Estimation of tumor and cell volume

The volume of tumors was estimated assuming a semi ellipsoid shape12,16:

$$ {\text{Volume of tumor}} = \frac{{\uppi }}{6} \times t \times lbd^{2} $$

where t is the tumor thickness and lbd is the largest basal diameter.

In calculations of the volume of tumor cells we assumed a prolate ellipsoid shape:

$$ {\text{Volume of cell}} = \frac{4}{3} \times {\uppi } \times ab^{2} $$

where a and b are the long and short calipers of the cell, respectively.

The number of cell doublings required to reach the number of cells in a tumor (x) was calculated as:

$$ 2^{x} { } = {\text{ number of tumor cells}} $$

Model computation and statistical analysis

Differences with a p < 0.05 were considered significant, all p values being two-sided. Continuous variables including cell and tumor sizes did not deviate significantly from normal distribution, when evaluated by the Shapiro–Wilk test (p = 0.64). We therefore used the Student’s T-test for comparison of these variables.
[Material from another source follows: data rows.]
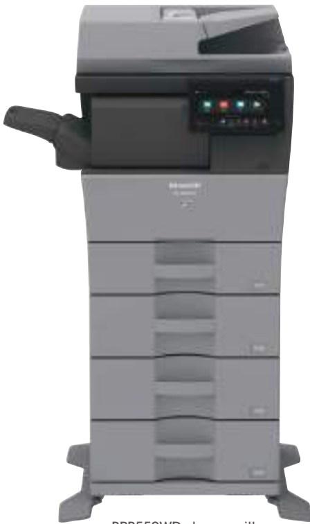
BPB550WD shown with Inner Finishing Unit in a 4-drawer configuration.
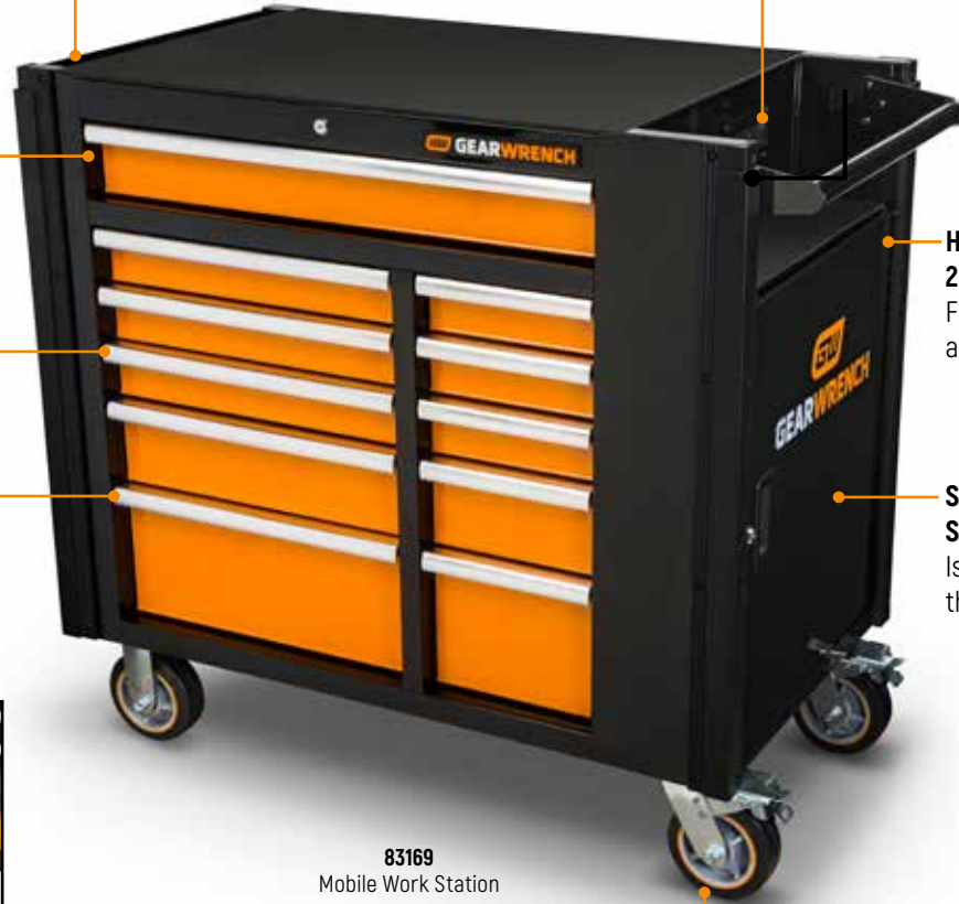
83169 Mobile Work Station

Secure Lockable Side Cabinet Is separate from the drawers
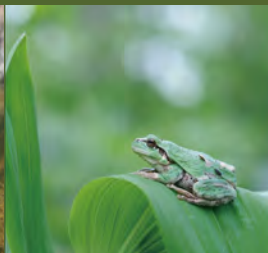
▲ Japanese tree frog ( Hyla japonica )
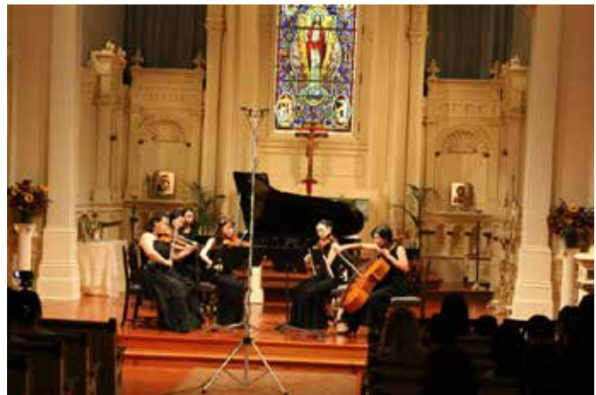
Ensemble Ari performing "Remembrance" for the Korean War Memorial
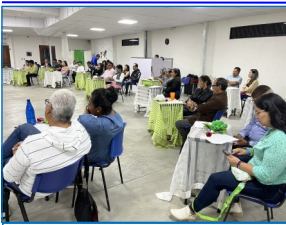
Valentine's Day Dinner
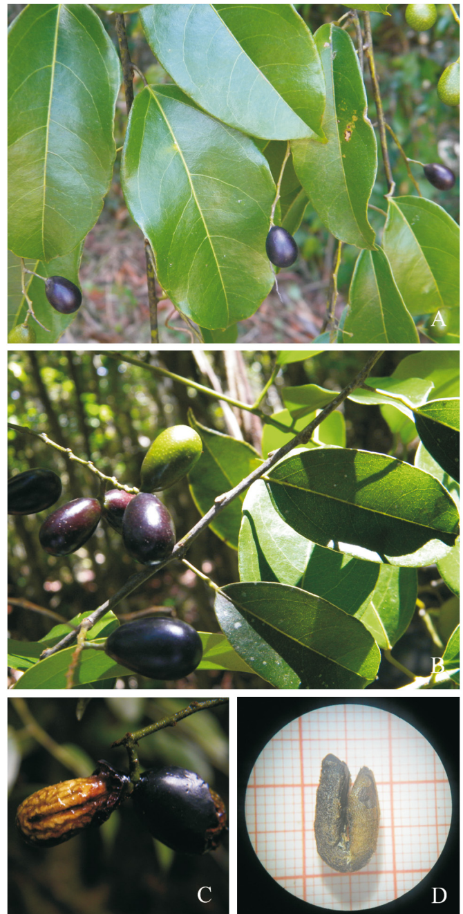
FIGURE 2. Hyperbaena domingensis (DC.) Benth. A. General habit of the branch; B. Inflorescence with mature and immature fruits; C. Detail of dehiscence with mature and immature fruits; D. Detail of horseshoe-shaped seed.

The ANOVA F-test and coefficient of determination (R2) was used to optimize the computational model and goodness of fit of S, compound, logistic, growth, exponential, linear, logarithmic, inverse, quadratic and cubic curves of the proportion of BAP1 mutated cells as a function of tumor size. Under the assumption that the cells are ellipsoid in shape, the volume formula for a rotating ellipsoid was used to calculate cell volumes. We used binary logistic regression without x-centering of the tumor volume variable to predict the probability of a BAP1 mutation as a function of the tumor volume. X-centering was defined as inclusion of the constant in the regression model. The range of doubling times of a given tumor was assumed to be 154–511 days12,13. Follow-up was defined as the time in months from uveal melanoma diagnosis to the last occasion metastasis-free patients were known to be alive. All statistical analyses were performed using IBM statistics version 26 (Armonk, NY, USA).